Ever heard of Summit Park, Utah, or Edwards, Colorado? Maybe not, especially if you're not an avid skier or snowboarder. Ski resorts, however, aren't the only thing these places have in common—they're also among the wealthiest small towns in the U.S.
The map below shows the 20 micropolitan areas (about 10,000 to 50,000 in population) that ranked the highest in Bloomberg's index of small town wealth, which combines measures of household income and home values. The home of Park City Mountain Resort in Utah ranked first with a median household income of $83,336 and median home value of $485,700. Edwards ranked second, with Jackson, Wyoming close behind.
What is it that draws wealthy people to these areas? Natalie Gochnour, the associate dean of the business school at the University of Utah, said it's the nicely powdered slopes in the winter and crisp mountain air in the summer. Most of these areas encompass ski resorts or are close to one. In the off-season, these towns offer all sorts of outdoor activities such as hiking, biking, fishing and camping that attract the adventurous year-round.
There's an interesting difference between the towns in Utah and those in Colorado that dominated the top ranks. While Utah has companies like Adobe and Goldman Sachs settling in and creating job opportunities in cities within commuting distance of its mountain towns, Colorado's big cities are too far from these resorts for people to drive back and forth on a daily basis.
That probably means a good portion of residents in these Colorado towns would need to be living on income they earned in the past or on the return from their investments. (An increasingly important exception would be people who telecommute.) Wealthy people who buy second (or third or fourth) homes in the area also drive up the cost of living there.
"Colorado isn't benefiting from the location advantages that Utah has," Gochnour said.
Several of the top non-ski towns on the list also have something in common - they're all on islands. Vineyard Haven, Massachusetts, a small pocket on President Obama's favorite vacation spot, Martha's Vineyard, ranked fourth. Kapaa, Hawaii, on the east coast of Kauai, ranked 10th and Key West, Florida ranked 13th. All three places are touted for their beaches, golf courses and affluent lifestyles.

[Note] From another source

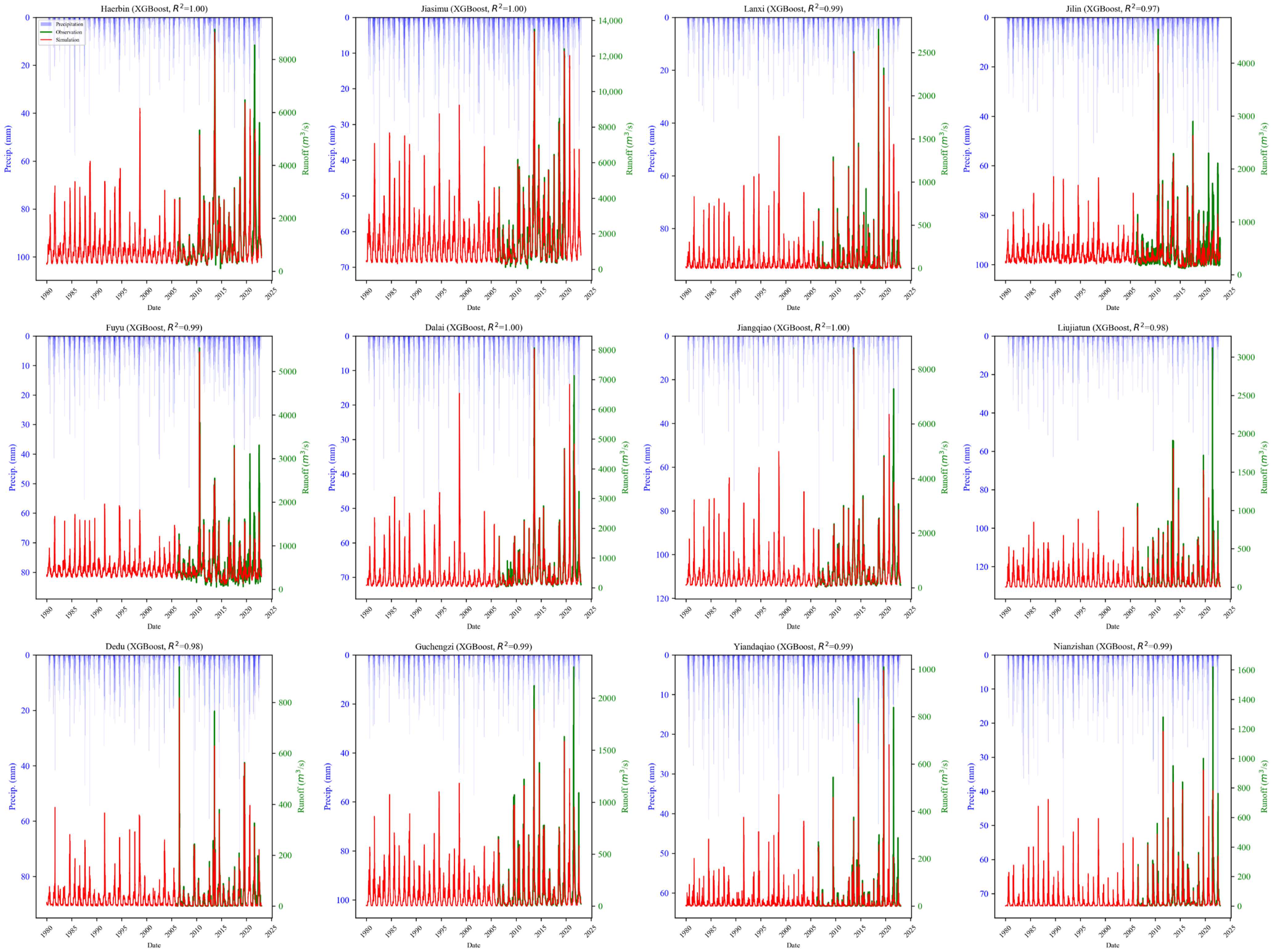 - The integrated XGBoost–Savitzky–Golay hybrid algorithm achieved high-precision simulation of complex hydrological processes, demonstrating strong generalization capability under varying climate conditions.

The Bloomberg Small Town Wealth Index:
Methodology: Bloomberg ranked more than 500 U.S. micropolitan areas (geographic entities that contain an urban core of about 10,000 and 50,000 in population) based on median household income, the share of households making $200,000 or more each year, median home value and the share of homes worth at least $1,000,000. Each metric was weighed equally and scored on a scale of 0-100 to derive the total index. All data were sourced from the U.S. Census Bureau's 2013 five-year American Community Survey.